* _THE RECORDS_
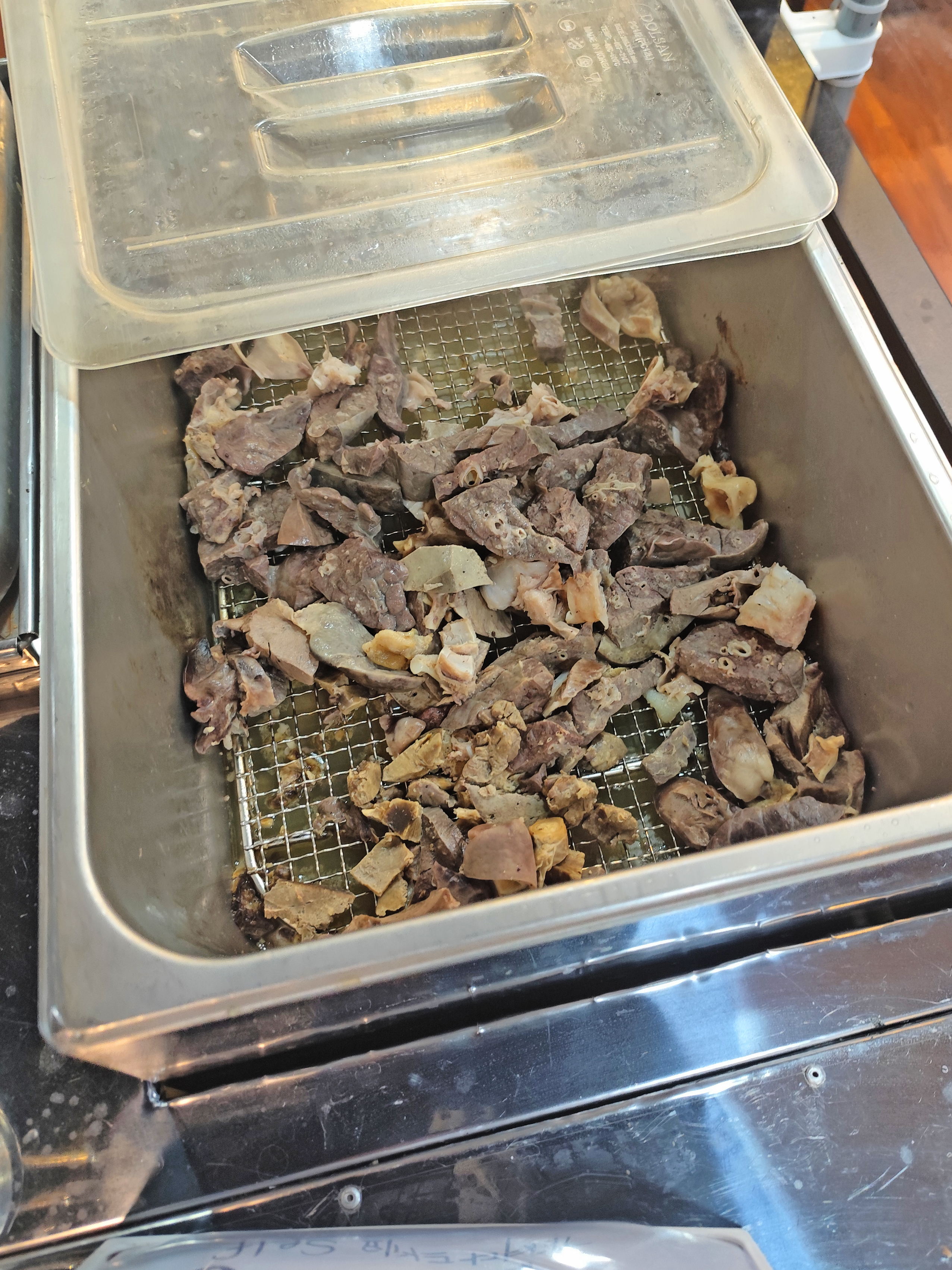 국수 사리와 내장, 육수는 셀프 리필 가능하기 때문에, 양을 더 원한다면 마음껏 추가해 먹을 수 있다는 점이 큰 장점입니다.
--
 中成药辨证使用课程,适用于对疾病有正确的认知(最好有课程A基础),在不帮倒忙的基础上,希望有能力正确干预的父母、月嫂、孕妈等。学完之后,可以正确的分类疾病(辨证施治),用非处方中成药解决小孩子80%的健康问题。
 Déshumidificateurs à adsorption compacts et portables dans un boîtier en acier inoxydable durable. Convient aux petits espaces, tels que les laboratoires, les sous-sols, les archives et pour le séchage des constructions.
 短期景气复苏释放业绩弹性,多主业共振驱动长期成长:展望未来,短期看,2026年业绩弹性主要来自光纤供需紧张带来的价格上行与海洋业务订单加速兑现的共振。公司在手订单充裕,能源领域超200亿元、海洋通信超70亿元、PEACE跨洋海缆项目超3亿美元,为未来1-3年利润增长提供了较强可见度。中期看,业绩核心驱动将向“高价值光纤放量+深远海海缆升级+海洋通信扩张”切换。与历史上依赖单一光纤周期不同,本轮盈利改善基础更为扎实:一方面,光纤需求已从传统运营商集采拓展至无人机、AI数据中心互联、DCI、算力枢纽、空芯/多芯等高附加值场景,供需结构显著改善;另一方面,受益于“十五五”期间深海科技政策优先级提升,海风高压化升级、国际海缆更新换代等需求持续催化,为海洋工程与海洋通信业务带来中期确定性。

* _ASSIGNMENT_
From the data above, output exactly the lines between the one containing "中成药辨证使用课程,适用于对" and the one containing "短期景气复苏释放业绩弹性,多", counting both of them.

* _RESPONSE TO THE EXERCISE_
 中成药辨证使用课程,适用于对疾病有正确的认知(最好有课程A基础),在不帮倒忙的基础上,希望有能力正确干预的父母、月嫂、孕妈等。学完之后,可以正确的分类疾病(辨证施治),用非处方中成药解决小孩子80%的健康问题。
 Déshumidificateurs à adsorption compacts et portables dans un boîtier en acier inoxydable durable. Convient aux petits espaces, tels que les laboratoires, les sous-sols, les archives et pour le séchage des constructions.
 短期景气复苏释放业绩弹性,多主业共振驱动长期成长:展望未来,短期看,2026年业绩弹性主要来自光纤供需紧张带来的价格上行与海洋业务订单加速兑现的共振。公司在手订单充裕,能源领域超200亿元、海洋通信超70亿元、PEACE跨洋海缆项目超3亿美元,为未来1-3年利润增长提供了较强可见度。中期看,业绩核心驱动将向“高价值光纤放量+深远海海缆升级+海洋通信扩张”切换。与历史上依赖单一光纤周期不同,本轮盈利改善基础更为扎实:一方面,光纤需求已从传统运营商集采拓展至无人机、AI数据中心互联、DCI、算力枢纽、空芯/多芯等高附加值场景,供需结构显著改善;另一方面,受益于“十五五”期间深海科技政策优先级提升,海风高压化升级、国际海缆更新换代等需求持续催化,为海洋工程与海洋通信业务带来中期确定性。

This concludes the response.